Nathalie Bruneau l’avoue volontiers. Elle n’a jamais vu autant de marchandise depuis qu’elle est arrivée à cet organisme, il y a quatre ans.

«C’est toute une gestion qui n’est pas évidente. On a beaucoup de dons, mais moins de monde et moins de temps pour trier. Ça va plus lentement pour trier. Ça refoule aux portes. Des gens avaient juste ça à faire, le ménage du printemps. Ça a été fait à la vitesse grand V. C’est à cause de la COVID-19. On a refusé du stock! Mais c’est un beau problème. On prend ça une bouchée à la fois.»

L’organisme du secteur Cap-de-la-Madeleine a recommencé à prendre des dons de biens il y a une dizaine de jours. L’accumulation de marchandise a incité la direction du Bon Citoyen à mettre en place une boutique en ligne.

«On a commencé le 7 avril avec 700 objets, mentionne Mme Bruneau. On prépare les commandes et on fait la livraison à Trois-Rivières.
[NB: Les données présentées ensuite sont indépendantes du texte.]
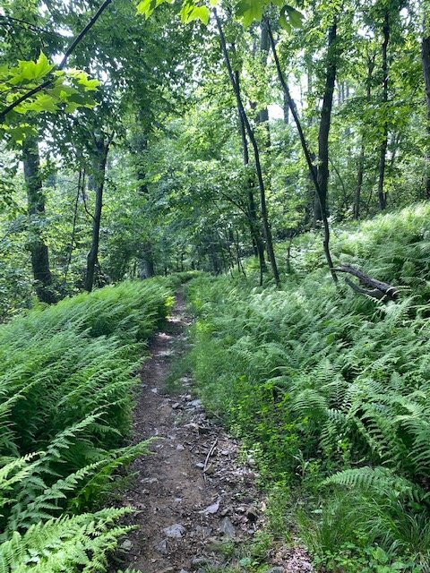 Another climb first thing this morning to Fullhardt Knob. Then comes a bunch of ups and downs across spurs and into ravines, with the last climb (before reaching the Blue Ridge Parkway) being in excess of 800 feet.

Il faut essayer de trouver d’autres moyens, car la vente de marchandise est notre moyen de financement. On s’autofinance à 90 %.»

Le Bon Citoyen laisse ses vêtements dormir une semaine au sous-sol avant de les mettre en vente. L’organisme ne permet plus aux clients d’essayer les vêtements, ce qui évite de remettre les vêtements non achetés en quarantaine.

Le Bon Citoyen s’attend à conclure 2020 avec une perte de revenus attribuable à la fermeture de son magasin durant quelque deux mois.